We approach each new scenario with the emotions and experiences that are spilling over from our last scenario (and the ones before that). Prior to Twist Image, I held a job where I was editing a local community publication, writing freelance on the side and coaching close quarter combatives. As I would go through my day - inching ever closer to my time in the gym - I would have some great training sessions and some brutal ones. At one point, I was trying my best to figure out where the lack of consistency was coming from, so I spoke with my coach (Tony Blauer). After some back and forth, it became clear that I was brining my daily luggage into the gym. If my mind was wandering to the stuff that had happened prior to walking through the doors, it was very hard to advance, stay focused and (to be frank), not get punched in the face repeatedly. Not fun. As we all know, when it comes to any form of physical activity, focus (along with proper training) is core.
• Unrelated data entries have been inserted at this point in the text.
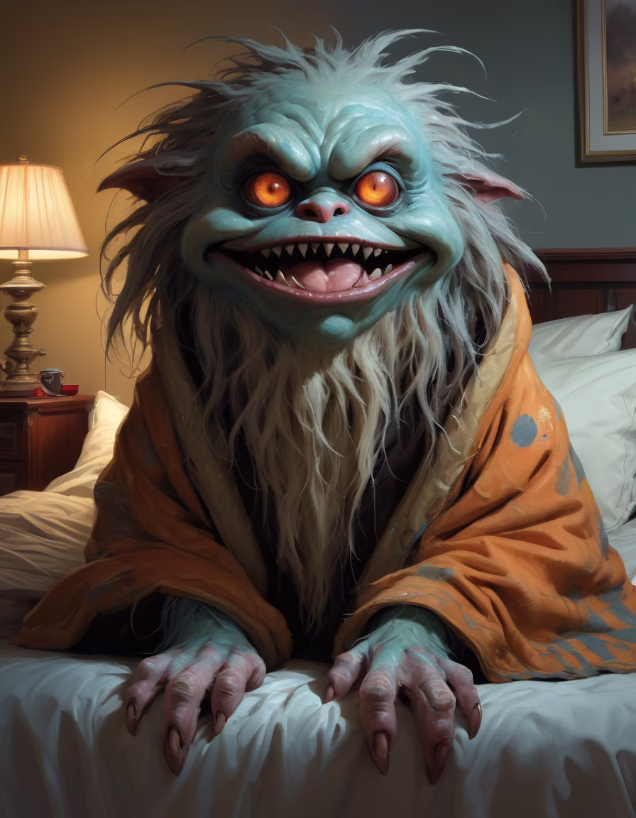 Prompt: digital painting of a bipedal furry long-haired bulbous-eyed monster on my bed cozied up in blankets and pillows enormous but cute oddity by jeremy mann and Craig Mullins and Michael Komarck
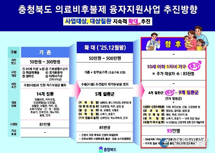 충청북도는 여기에서 더 나아가 지원 대상을 10세 이하 자녀를 둔 한 자녀 가정까지 확대하고, 신경과·외과·피부과·재활의학과 등 4개 질환군을 추가해 기존 5개 질환군에서 총 9개 질환군으로 확대할 계획이다. 이를 통해 보다 촘촘하고 빈틈없는 지원체계를 구축한다는 방침이다.
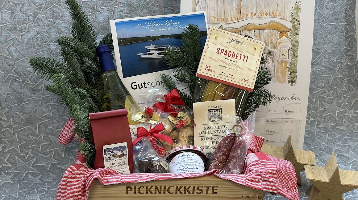 Verschenke Picknick-Freude aus Haltern am See und unterstütze den lokalen Handel! Auch die Stadtagentur | Tourist-Information in Haltern am See nimmt an der Aktion "Verschenke ein Picknick" im Münsterland teil und bietet in der Adventszeit eine gefüllte Picknickkiste zum Kauf an. Regionale Produkte und weihnachtliche Deko machen diese Kiste zu einem tollen Geschenk!
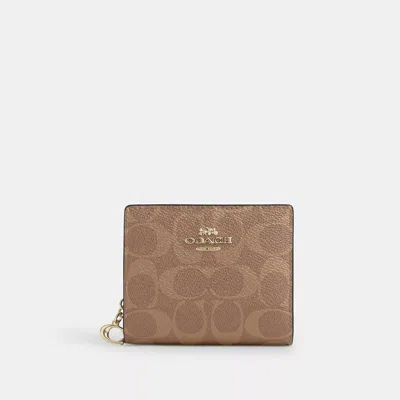 Signature coated canvas Trim partially made with recycled leather fiber layer Three credit card slots ID window Full-length bill compartment Snap closure Outside zip coin pocket 4 1/4 (L) x 3 1/2 (H) x 1 (W) Style No. CW789 Coach Outlet Snap Wallet In Signature Canvas - Beige
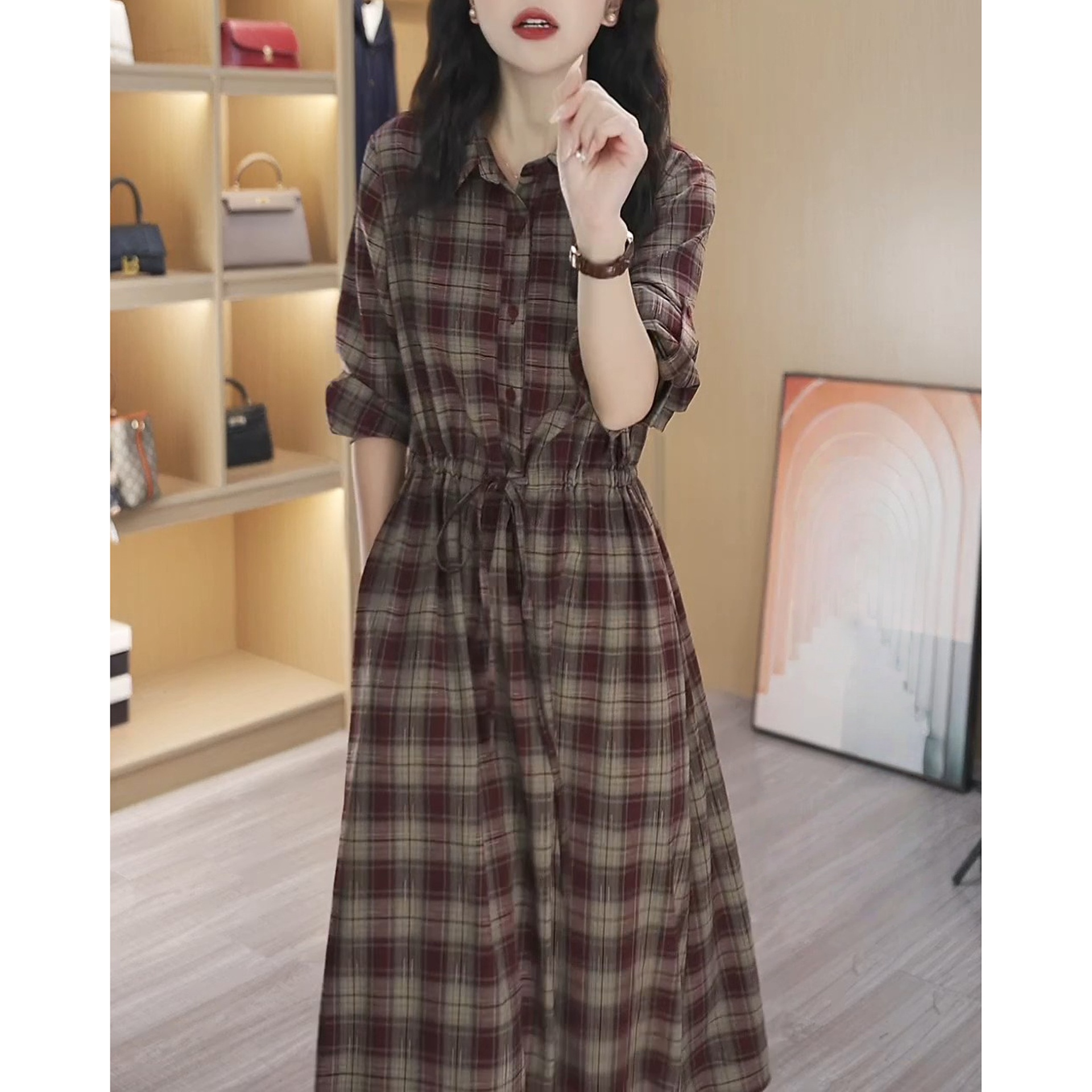 中长款 休闲宽松V领短袖 裙子 纯色收腰显瘦连衣裙女时尚 2025夏新款
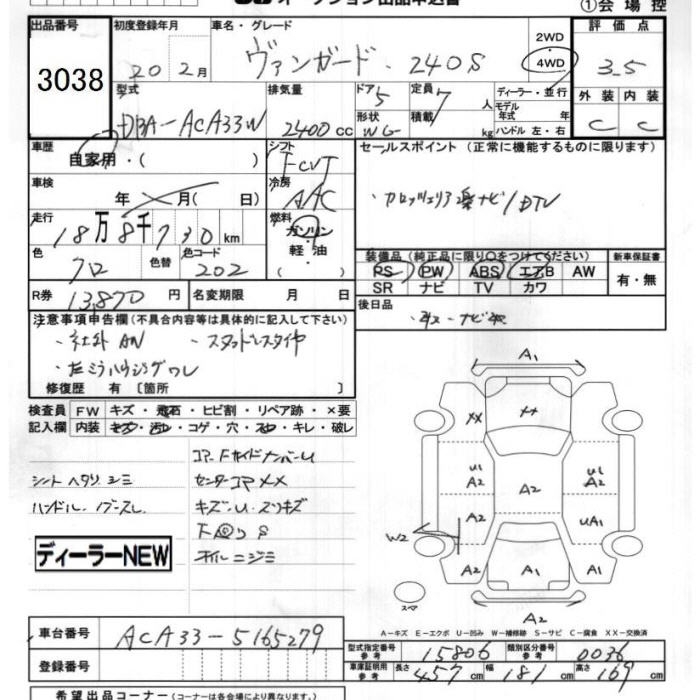 TOYOTA VANGUARD 4WD 240S - лот 3038
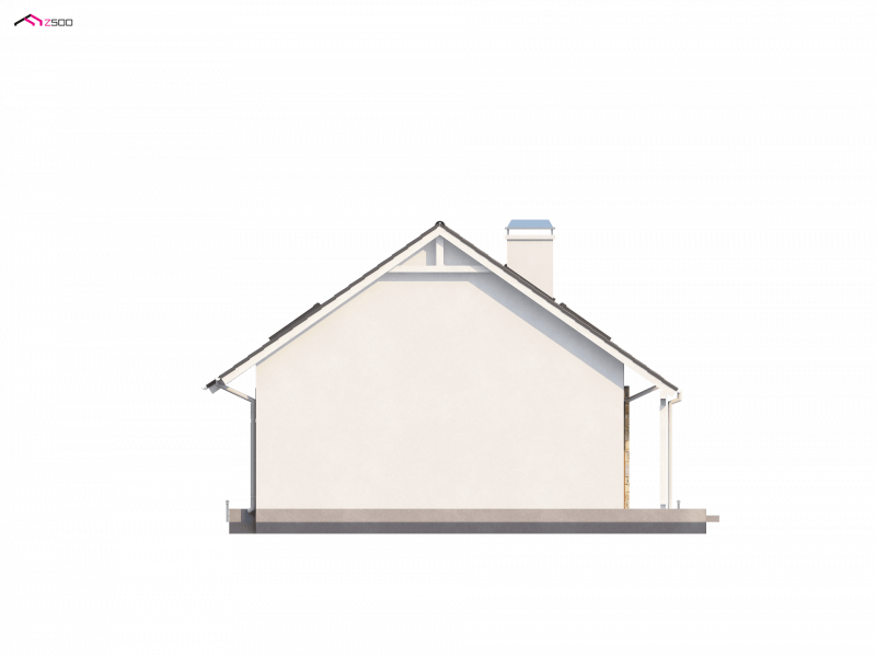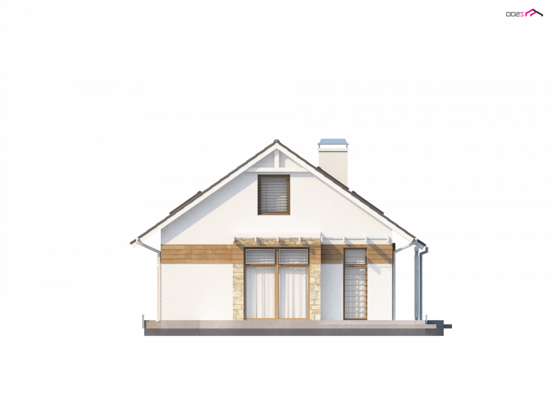 Program funkcjonalny poddasza to jednoprzestrzenna strefa dzienna w prawej części domu - przestronny salon połączony z kuchnią oraz jadalnią w wykuszu. Z prawej strony domu zaprojektowany został duży taras. Najokazalszą częścią domu jest salon i kuchnia. Połączenie tych pomieszczeń daje niepowtarzalnie dużą przestrzeń. Na parterze zaplanowano również obszerną sień z pojemną szafą, pomieszczenie gospodarcze, dodatkowy pokój gościnny oraz niewielką spiżarkę. Wygodne schody ze spocznikiem prowadzą do strefy nocnej na piętrze. Są tu trzy komfortowe sypialnie oraz spora łazienka.
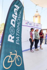 *17 de agosto, 2025. San Pedro Cholula, Pue.-* La titular de la Secretaría de Cultura estatal, Alejandra Pacheco Mex, visitó este domingo los municipios de San Pedro y San Andrés Cholula para participar en una rodada ciclista, acompañada por las presidentas municipales Tonantzin Fernández y Lupita Cuautle.
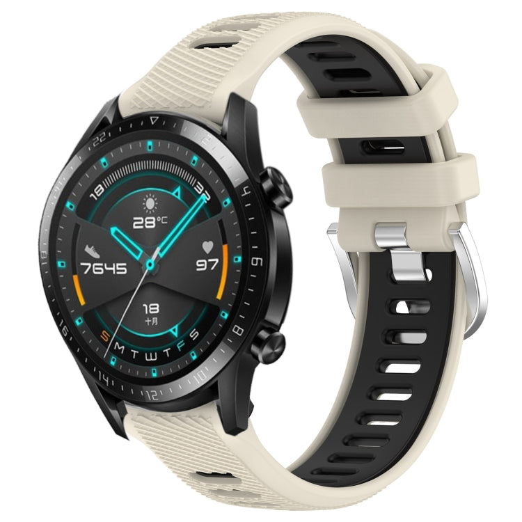 Correa de Silicona para Huawei Watch GT2 42mm 20mm Deportes con Hebilla de Acero (Starlight + Black)
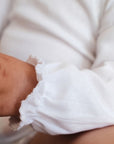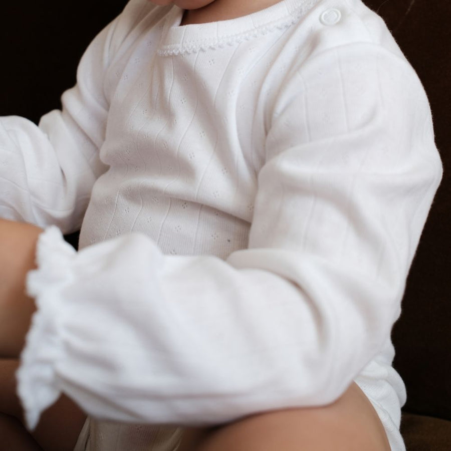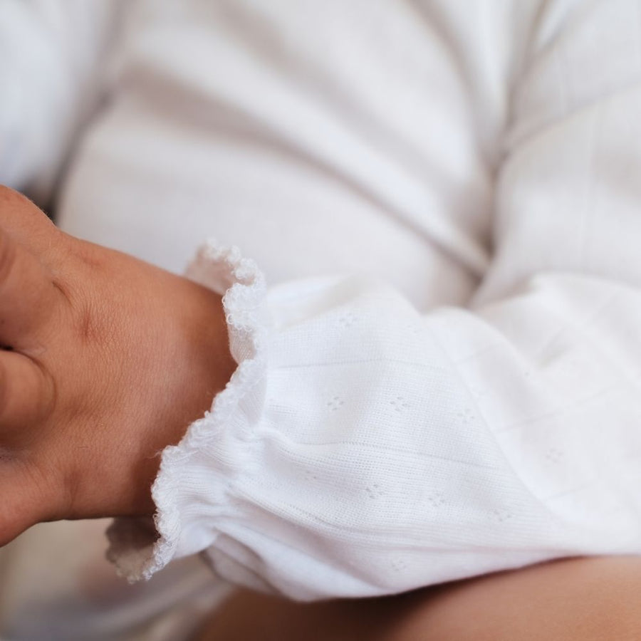 Each piece features a beautiful pointelle design, adding a subtle touch of texture and charm that feels both nostalgic and timeless. The fresh white tone suits every little one and brings a gentle elegance to any wardrobe. It’s easy to care for, holds up beautifully in the wash, and pairs effortlessly with anything — making it a go-to for busy days, gentle moments, and everything in between.
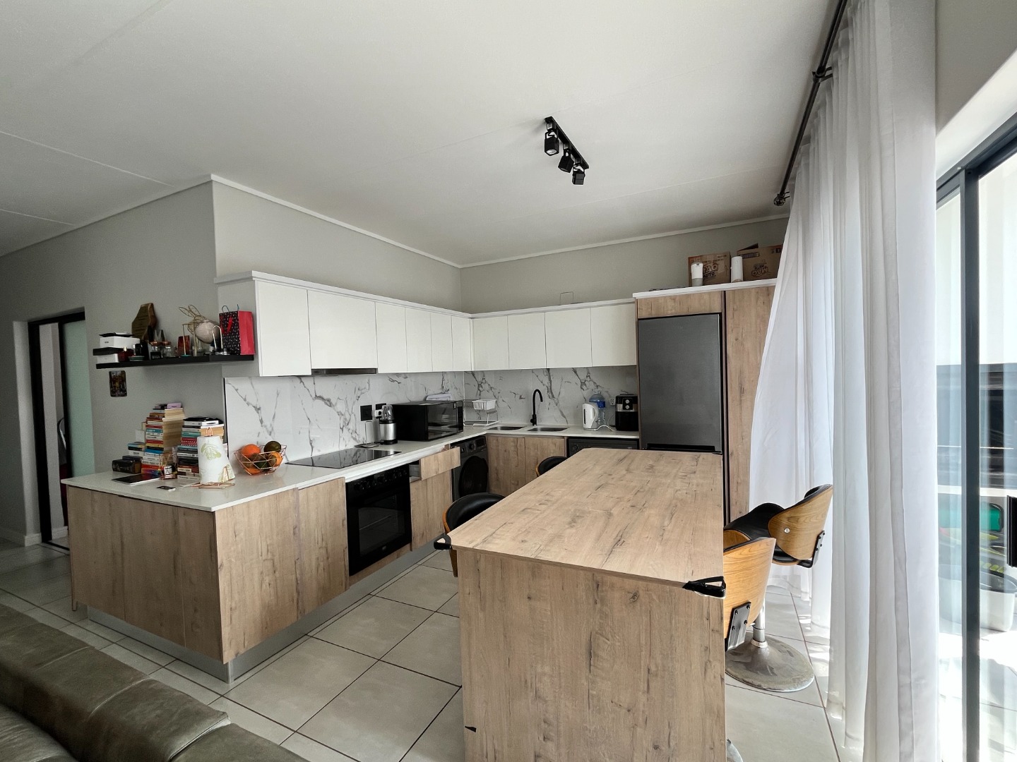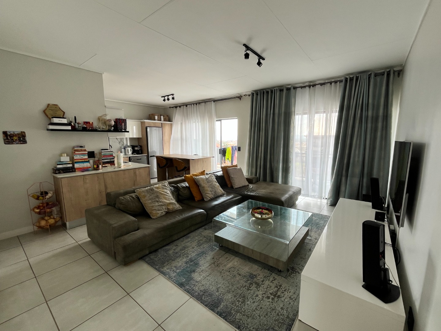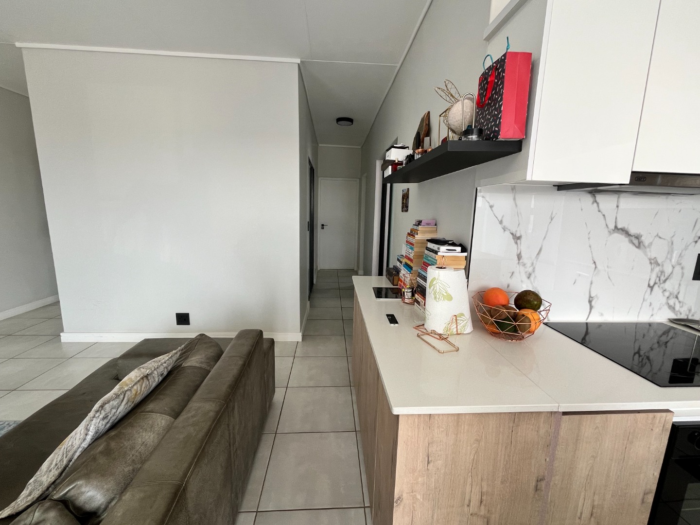 The modern open-plan kitchen is fitted with quality finishes and ample cupboard space, seamlessly flowing into a bright and airy lounge area that opens onto a private balcony—ideal for relaxing or entertaining while enjoying the elevated top floor views. The apartment is designed to maximize natural light, creating a warm and inviting atmosphere throughout.
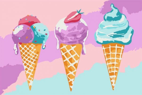 Набор для раскрашивания по номерам Мороженое в стаканчике, 12 цветов: краски акриловые на водной основе 12 штук, холст c контурным рисунком (нетканый материал), на подрамнике из МДФ, кисти 2 штуки, контрольный лист со схемой. / 20x30x1,6см арт.88099
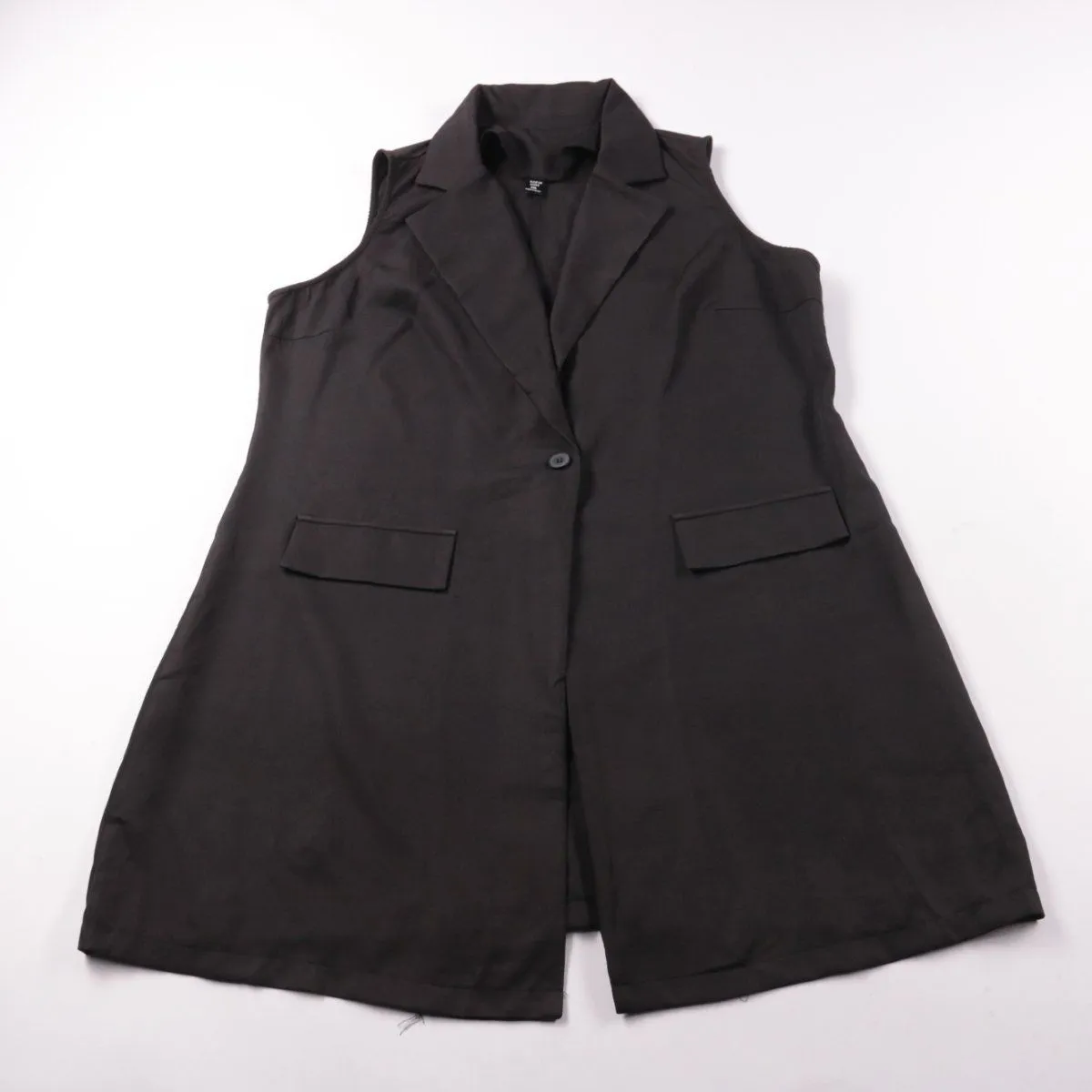 Удлинённый женский жилет Shein Curve в чёрном цвете, без рукавов, с лацканами и застёжкой на пуговицу. Подойдёт для офиса и многослойных образов поверх рубашки или водолазки. Практичен в уходе за счёт полиэстеровой ткани.

Back then, I was equally fascinated with literature about martial arts. That literature, which was also laced freely with Eastern philosophy, would often talk about "emptying the cup."

A powerful lesson in learning, growing and focus.

Spend a week emptying your cup before each and every new scenario you encounter at work. If you had a rough conference call with a client, don't drag that emotion into a creative brainstorm. If your boss was tough on you, don't take it out on a fellow team member on a status report. Seems obvious enough, doesn't it? Still, nobody's perfect and we don't do this often enough. This year - like every year - I will be attending the TED conference in Long Beach. It happens at the end of February and this is always a hectic time at Twist Image. Once the cab driver drops me off at the airport prior to my flight out West, I always stop in the airport lounge, find a quiet corner and sip on some tea. I use that moment to cleanse myself, to reframe my life and to empty my cup (in this case it's literal and metaphorical). I do everything within my power to enter the week of TED, empty, available and ready for anything. Not carrying any preconceived emotions, not bringing any business or personal issues along for the ride. It's not easy, but it's something to focus on. Two years ago, after a particularly motivating TED conference, I dedicated myself to adding more and more moments of emptying the cup into my life. It started with the transitions between work, community work and home life, and it's edging closer (with a lot of hard work) to daily transitions between meetings and interactions with people.

I am learning a lot. You can too.

The process of the empty cup strategy has been enlightening. It's not just about being better at relationships, it has been an integral part of my personal development and education. I not only learn so much more about myself and others, but I'm better able to always put myself in the mindframe of being "the constant student." If my cup is empty, it's an opportunity to grown, learn and think without bringing in my own personal history and experience - which can often cloud my ability to be truly open and, in the moment. Just imagine - for a moment - that this type of thinking was pervasive throughout your organization (from the c-suite down to the admin staff). What could customer service look like? What could your meetings look like?

What about you? What's your empty cup strategy?